### WHAT THE TASK REQUIRES
Note how many lines in the following material mention "Mechelen", then give that number by itself.

═══ DATA TO EXAMINE

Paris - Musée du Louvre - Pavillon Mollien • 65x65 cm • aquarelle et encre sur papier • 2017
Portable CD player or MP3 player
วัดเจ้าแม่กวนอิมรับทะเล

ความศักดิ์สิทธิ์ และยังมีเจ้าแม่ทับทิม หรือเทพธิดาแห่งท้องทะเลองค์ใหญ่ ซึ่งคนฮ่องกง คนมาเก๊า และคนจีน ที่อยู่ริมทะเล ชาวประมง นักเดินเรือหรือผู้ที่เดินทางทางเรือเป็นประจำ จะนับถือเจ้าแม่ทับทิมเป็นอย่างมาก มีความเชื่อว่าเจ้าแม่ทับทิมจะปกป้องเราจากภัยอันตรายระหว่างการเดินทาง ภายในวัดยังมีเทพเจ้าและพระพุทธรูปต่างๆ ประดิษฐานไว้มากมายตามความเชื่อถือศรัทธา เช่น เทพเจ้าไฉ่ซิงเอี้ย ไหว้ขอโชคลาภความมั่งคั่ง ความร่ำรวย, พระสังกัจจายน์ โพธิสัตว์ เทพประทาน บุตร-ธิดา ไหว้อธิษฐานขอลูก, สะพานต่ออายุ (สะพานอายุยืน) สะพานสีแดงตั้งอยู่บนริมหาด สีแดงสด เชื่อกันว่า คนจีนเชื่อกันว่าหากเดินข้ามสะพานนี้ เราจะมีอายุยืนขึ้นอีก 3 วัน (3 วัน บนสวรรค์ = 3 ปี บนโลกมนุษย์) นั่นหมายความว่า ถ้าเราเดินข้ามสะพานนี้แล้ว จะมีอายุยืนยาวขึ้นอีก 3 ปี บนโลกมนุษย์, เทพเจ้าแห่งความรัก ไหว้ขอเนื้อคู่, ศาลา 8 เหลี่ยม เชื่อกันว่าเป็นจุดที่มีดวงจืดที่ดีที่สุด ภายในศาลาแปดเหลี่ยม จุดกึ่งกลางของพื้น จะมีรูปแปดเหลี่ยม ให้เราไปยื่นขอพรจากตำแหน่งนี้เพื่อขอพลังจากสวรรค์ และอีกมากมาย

══════
═══ DATA TO EXAMINE

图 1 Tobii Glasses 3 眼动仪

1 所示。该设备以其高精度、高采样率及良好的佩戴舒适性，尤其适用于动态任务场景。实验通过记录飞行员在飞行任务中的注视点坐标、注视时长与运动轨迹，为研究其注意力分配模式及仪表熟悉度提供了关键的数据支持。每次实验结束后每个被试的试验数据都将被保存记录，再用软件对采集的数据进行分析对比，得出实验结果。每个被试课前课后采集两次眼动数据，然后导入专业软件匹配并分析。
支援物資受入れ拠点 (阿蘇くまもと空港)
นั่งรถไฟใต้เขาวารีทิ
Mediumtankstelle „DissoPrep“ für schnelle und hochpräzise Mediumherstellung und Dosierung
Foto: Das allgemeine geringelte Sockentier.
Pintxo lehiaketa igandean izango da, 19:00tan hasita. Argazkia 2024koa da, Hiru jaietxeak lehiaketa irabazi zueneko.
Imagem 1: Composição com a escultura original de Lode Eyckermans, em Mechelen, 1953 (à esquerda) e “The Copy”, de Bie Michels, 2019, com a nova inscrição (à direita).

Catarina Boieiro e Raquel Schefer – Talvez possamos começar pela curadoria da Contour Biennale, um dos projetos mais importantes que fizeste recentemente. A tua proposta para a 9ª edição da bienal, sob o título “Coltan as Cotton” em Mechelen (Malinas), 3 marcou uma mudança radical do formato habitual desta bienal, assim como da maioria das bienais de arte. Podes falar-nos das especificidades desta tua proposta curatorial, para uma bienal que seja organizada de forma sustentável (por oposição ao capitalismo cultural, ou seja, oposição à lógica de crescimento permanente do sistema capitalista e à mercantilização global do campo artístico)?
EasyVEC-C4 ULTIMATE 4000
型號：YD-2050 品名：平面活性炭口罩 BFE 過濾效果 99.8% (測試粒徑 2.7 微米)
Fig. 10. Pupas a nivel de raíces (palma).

══════

### RESPONSE BOX
2